Еще Миша сказал, что дело тут не так в ногах – ноги просто отзываются на болезнь как бы эхом, – а больше в почках. Почек, однако, капитан особо не расчувствовал, пил, как раньше, – водку, пиво, спирт, до чего руки доходили. Правда, на исподнем с правой стороны чуть повыше поясницы стали появляться черные следы, как будто битумом мазнули слабо, рассеянно. Если бы поверх, на гимнастерке, еще можно было бы понять, запачкался где-то. Но изнутри? Как, чем? Или в самом деле прав был кореец и чернота шла прямо из тела? Но что же тогда внутри-то творится? Об этом, впрочем, предпочитал он не думать. Вот закончится война, тогда и подлечимся, ничего…
Тем более Миша говорил, что почки вылечить можно – по старому корейскому рецепту суп из собаки сварить да и пить регулярно. Рецепт этот не очень-то пришелся по душе Голощеку: собак он любил, но не так, чтобы в супе их ложкой вылавливать, а по-настоящему, по-человечески. И хоть кореец предлагал тут же поймать бродячего пса, которых, несмотря на бомбежку и войну, немало вокруг бегало, и сварить из него лекарство, капитан ему запретил. Ничего, потерпим до конца войны, можно, а там, глядишь, обычными человеческими средствами вылечимся, а не косыми и живодерскими!
Капитан оделся полностью, по форме, выглянул в окно. Метель, кружившая последние дни, попритихла, сугробы сияли под солнцем радужной алмазной пылью. Везде снег был нетронутый, пушистый: на деревенских крышах, во дворах, на тротуарах, и только на дороге его уже поразметало, замарало глухими гусеницами бэтээров и тяжелых грузовиков. Там, за окном, царил сейчас какой-то необыкновенный мир и спокойствие. Захотелось открыть раму, вдохнуть полной грудью воздух, чаемый чистым, холодным. И хоть капитан твердо знал, что на самом деле пропах он пороховым огнем и мазутом, – все равно хотелось.
Полюбовавшись еще идиллическими зимними красотами, почти забытыми за войной, капитан отвернулся от окна.
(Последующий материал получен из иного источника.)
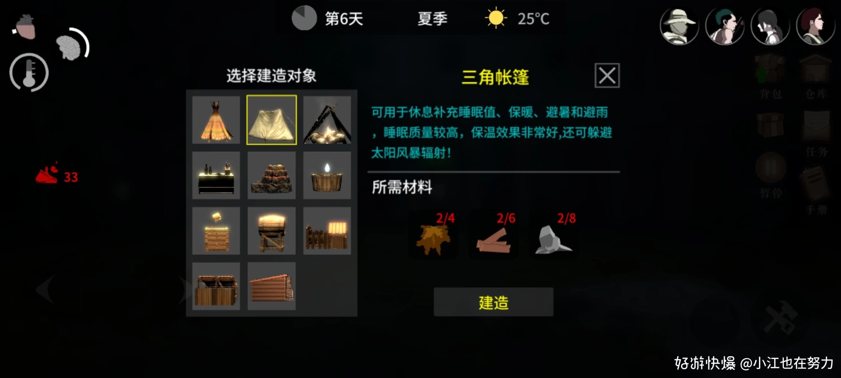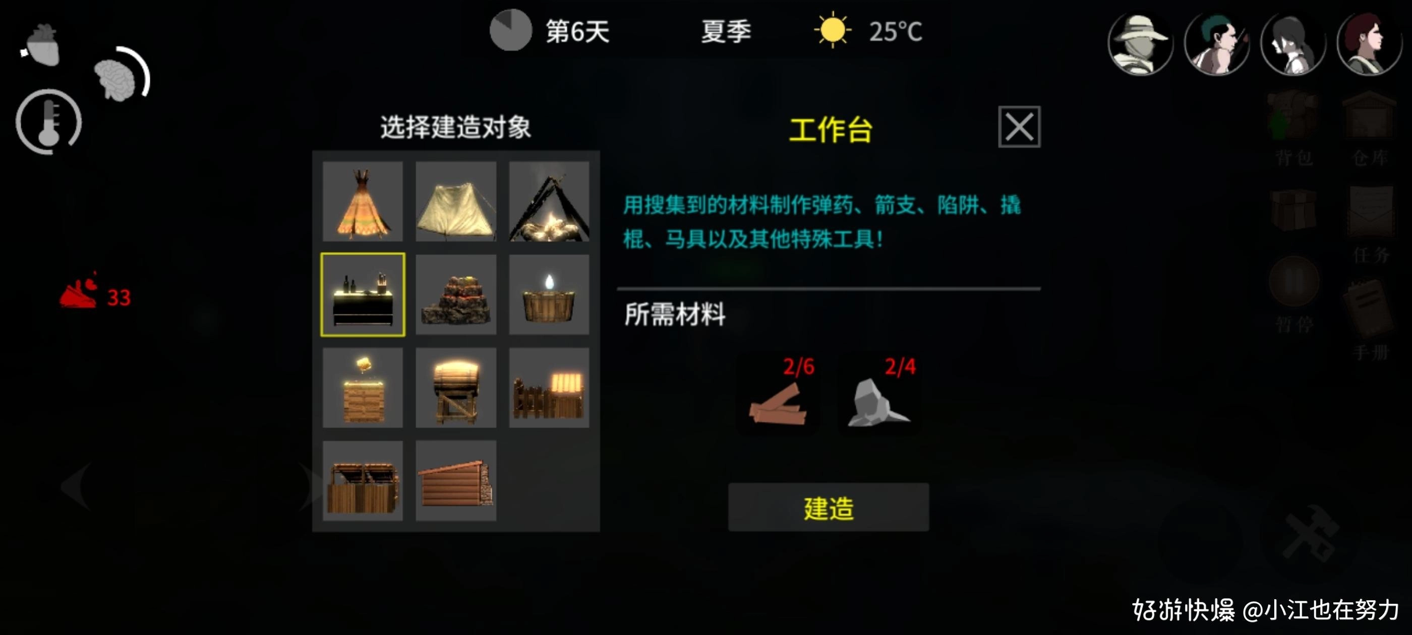 在我看来需要优先制造帐篷,火堆,工作台。

Взгляд его упал на старинный резной сундук-скрыню, стоявший в углу, настроение омрачилось. К чему он стоял тут и зачем, сундук этот, толку от него не видно никакого, замок наглухо запаян. Может, конечно, и хранили в нем хозяева что-то очень ценное, но чего-то сомневался капитан на этот счет, сильно сомневался. Как-то раз даже подтолкнул сундук ногой – и слишком легким показался он ему. Вообще же скрыня – это еще полбеды, дом весь был словно напоказ набит случайными вещами, явно декоративными – вышиванками, рушниками, крынками, еще чем-то очень украинским. Голощек испытывал раздражение, глядя вокруг, уверен был, что ничего этого раньше не было, натащили в последние месяцы, патриотизмом своим в морду тыкали, приспособленцы.
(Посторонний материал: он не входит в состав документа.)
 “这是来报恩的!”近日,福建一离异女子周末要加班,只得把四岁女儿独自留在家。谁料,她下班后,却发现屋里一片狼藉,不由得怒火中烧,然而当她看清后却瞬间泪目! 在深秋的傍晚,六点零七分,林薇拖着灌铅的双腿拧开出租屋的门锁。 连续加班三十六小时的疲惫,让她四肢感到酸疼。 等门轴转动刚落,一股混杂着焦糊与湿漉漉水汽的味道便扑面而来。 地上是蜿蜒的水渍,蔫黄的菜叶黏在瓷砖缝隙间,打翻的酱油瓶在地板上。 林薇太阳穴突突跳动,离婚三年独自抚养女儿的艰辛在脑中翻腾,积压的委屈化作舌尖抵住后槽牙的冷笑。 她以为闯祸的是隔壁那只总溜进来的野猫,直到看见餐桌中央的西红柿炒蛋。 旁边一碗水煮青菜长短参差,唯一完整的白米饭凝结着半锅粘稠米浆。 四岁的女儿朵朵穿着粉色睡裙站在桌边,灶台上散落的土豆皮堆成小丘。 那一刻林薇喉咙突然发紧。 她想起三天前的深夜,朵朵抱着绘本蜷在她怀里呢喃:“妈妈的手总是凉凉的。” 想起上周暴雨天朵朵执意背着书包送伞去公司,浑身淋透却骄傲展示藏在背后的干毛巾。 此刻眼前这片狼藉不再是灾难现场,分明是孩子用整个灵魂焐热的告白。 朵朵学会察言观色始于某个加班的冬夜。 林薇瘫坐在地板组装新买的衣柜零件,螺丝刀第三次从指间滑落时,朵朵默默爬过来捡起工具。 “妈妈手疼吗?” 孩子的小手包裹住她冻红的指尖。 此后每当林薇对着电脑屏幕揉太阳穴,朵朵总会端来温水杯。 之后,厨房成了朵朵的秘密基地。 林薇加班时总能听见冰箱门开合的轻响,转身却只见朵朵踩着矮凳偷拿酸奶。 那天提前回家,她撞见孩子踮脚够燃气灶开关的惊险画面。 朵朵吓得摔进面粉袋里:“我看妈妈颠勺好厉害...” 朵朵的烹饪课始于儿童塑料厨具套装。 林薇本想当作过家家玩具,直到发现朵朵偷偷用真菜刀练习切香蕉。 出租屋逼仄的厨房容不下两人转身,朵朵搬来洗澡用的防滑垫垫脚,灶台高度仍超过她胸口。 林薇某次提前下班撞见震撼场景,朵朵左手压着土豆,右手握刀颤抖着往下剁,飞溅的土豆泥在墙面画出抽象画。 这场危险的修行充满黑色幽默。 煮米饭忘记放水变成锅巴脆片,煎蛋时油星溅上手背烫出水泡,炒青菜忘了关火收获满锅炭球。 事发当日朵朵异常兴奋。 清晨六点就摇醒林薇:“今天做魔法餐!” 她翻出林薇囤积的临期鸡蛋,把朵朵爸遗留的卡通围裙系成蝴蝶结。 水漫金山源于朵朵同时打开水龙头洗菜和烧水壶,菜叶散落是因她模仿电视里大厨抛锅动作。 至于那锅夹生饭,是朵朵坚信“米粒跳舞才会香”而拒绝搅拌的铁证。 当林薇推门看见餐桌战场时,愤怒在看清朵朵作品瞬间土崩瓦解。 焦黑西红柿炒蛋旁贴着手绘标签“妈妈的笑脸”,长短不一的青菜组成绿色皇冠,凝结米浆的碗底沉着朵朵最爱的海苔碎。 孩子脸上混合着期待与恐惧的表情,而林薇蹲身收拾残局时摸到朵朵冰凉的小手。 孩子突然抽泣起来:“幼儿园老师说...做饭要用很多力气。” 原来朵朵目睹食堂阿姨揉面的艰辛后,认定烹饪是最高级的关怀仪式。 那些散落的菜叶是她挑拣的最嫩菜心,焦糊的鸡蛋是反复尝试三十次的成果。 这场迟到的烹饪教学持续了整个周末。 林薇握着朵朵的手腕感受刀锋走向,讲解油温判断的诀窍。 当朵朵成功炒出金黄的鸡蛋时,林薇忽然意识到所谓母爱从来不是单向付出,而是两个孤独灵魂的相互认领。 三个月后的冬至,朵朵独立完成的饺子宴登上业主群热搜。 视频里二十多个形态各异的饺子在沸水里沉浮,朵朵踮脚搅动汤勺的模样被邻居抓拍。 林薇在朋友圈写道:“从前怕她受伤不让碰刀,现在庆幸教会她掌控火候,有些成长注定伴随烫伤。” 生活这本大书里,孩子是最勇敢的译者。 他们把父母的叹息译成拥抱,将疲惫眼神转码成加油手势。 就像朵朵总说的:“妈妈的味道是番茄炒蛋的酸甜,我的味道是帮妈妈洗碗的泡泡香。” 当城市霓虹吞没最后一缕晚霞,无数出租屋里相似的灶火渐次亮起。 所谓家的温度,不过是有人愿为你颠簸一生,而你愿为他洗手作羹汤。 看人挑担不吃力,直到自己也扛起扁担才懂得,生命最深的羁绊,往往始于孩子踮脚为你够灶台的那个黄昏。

Хватились, громадяне, в кои-то веки, вспомнили наконец, что украинцы, – когда враг прямо в дом вошел, сапоги грязные по-хозяйски о порог стал обстукивать… До этого много ли у вас тут было рушников да тарасов шевченков на стенах? Одевались, поди, от Кардена и Версаче… Не настоящего Кардена, конечно, китайского, с торчащими нитками, – но все же, все же. Теперь вот вышиванки на свет божий выволокли, шаровары, чеботы всякие… Скоро оселедцы отращивать будут, но поздно уже, панове, поздно. Профукали родину, прощелкали, все делом занимались, бизнесом, мать его так, обогащались в поте лица, себя не помнили… Кто миллиарды в банки, кто гроши малые в мошну попихал, но никто внакладе не остался. Все наживались, торговыми людьми себя мнили, нужными, коммерческими. На черный день копили, собирали по крошечке, по миллиончику… Вот он вам и есть, черный день, настал, когда не ждали, откуда не ждали… Оглянулись – что такое, куда делась ридна Украина?
А никуда не делась, стоит на месте. Только гремят-бухают по ней вражьи сапоги, выворачивают почву танки, гудят над головой снаряды. Змеями ползут по земле – раненой, стиснувшей зубы, онемевшей – страшные гумконвои. Везут на себе гуманитарный груз: консервы, зерно, муку, семена на посадку. А еще, чтоб не скучно было, – минометы, гранаты, ракеты и полный боезапас. Назад тоже не пустыми возвращаются: тянут стылый, оскаленный, громыхающий, с закатившимися белками груз двести, чтобы было над кем уронить покорную слезу матерям и женам российским, чтобы было кому поставить поминальную рюмку с хрустальной водкой, над кем возвести безымянный, белый, как смерть, обелиск.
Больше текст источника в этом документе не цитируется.